Parameters | Predictive Modeling | Filter to Include Predictor Categorical Variables

Filter to Include Predictor Categorical Variables
Use this field to specify a logical expression for subsetting the Predictor Categorical Variables. This is useful when you want to apply a statistical filter to reduce the initial number of candidate predictor variables passed to subsequent stages of predictive model building.
Categorical Variables are coded using 0 and 1 values, so filtering criteria are usually in terms of proportions. The expression must be a valid SAS WHERE clause, and it is applied separately to each predictor categorical variable.
For example, to filter only diseased individuals from a data set containing a mixed population of diseased (sick) and healthy (healthy) individuals (as indicated in a column named DiseaseStatus), you could use the following simple WHERE expression:
WHERE DiseaseStatus = ‘sick’
Note: the word where has already been entered for you.

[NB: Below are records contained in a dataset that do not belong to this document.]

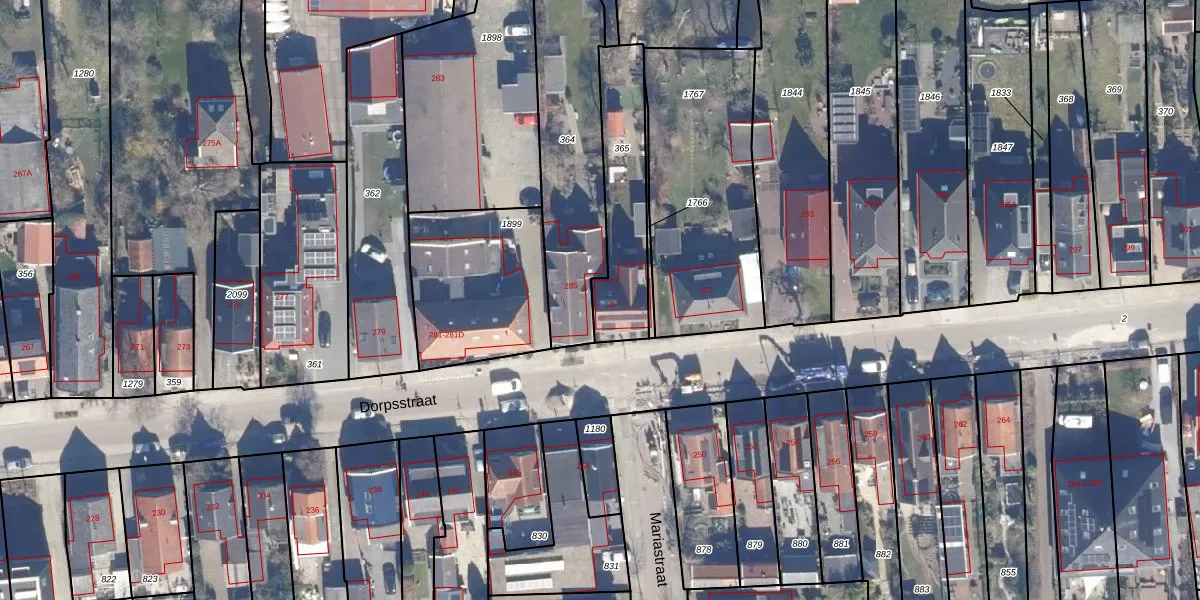 Het perceel waarop Dorpsstraat 287 staat heeft een oppervlakte van 370 m². Dit is een groot perceel. De perceeloppervlakte wordt geregistreerd door het Kadaster. Gedetailleerde informatie over de maten van dit perceel kunt u vinden in het rapport Kadastrale kaart met maatvoering van Dorpsstraat 287.
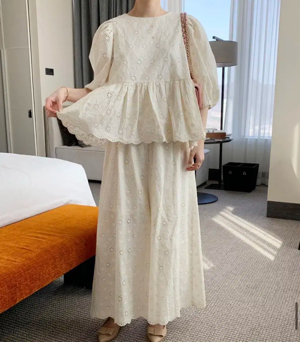 ベージュ色で、サイズフリーです。総丈 92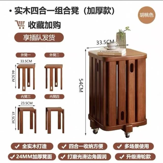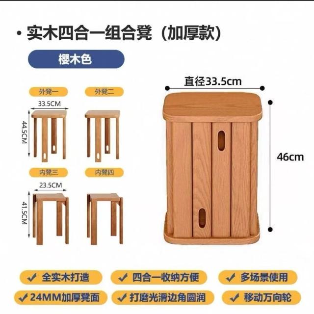 廠家直發 實木凳子可疊放家用板凳收納組合疊疊凳餐廳小凳子客人備用茶幾凳

For more information about using filter fields, see The SAS WHERE Expression.
Reducing the Number of Predictors:
You can use one or more of the following statistical keywords in your expression: CSS CV IQR KURTOSIS MAD MAX MEAN MEDIAN MIN NMISS SKEWNESS STD STDERR SUM USS VAR.
For example, specifying MEAN > 7 and VAR > 3 keeps only those predictor variables whose mean value across observations in the input data set is greater than 7 and whose variance is greater than 3.
You can also use the keyword _NAME_ to filter by predictor variable name. For example, specifying substr(_NAME_,1,3) ne "af_" removes all predictors whose name begins with "af_".
When you have specified a test data set or when running Cross Validation Model Comparison, the WHERE clause is applied only to the training data set, and then all predictors not satisfying the expression are dropped from both the training and test data sets.
Refer to Definitions of Functions and CALL Routines for details about the aforementioned statistics.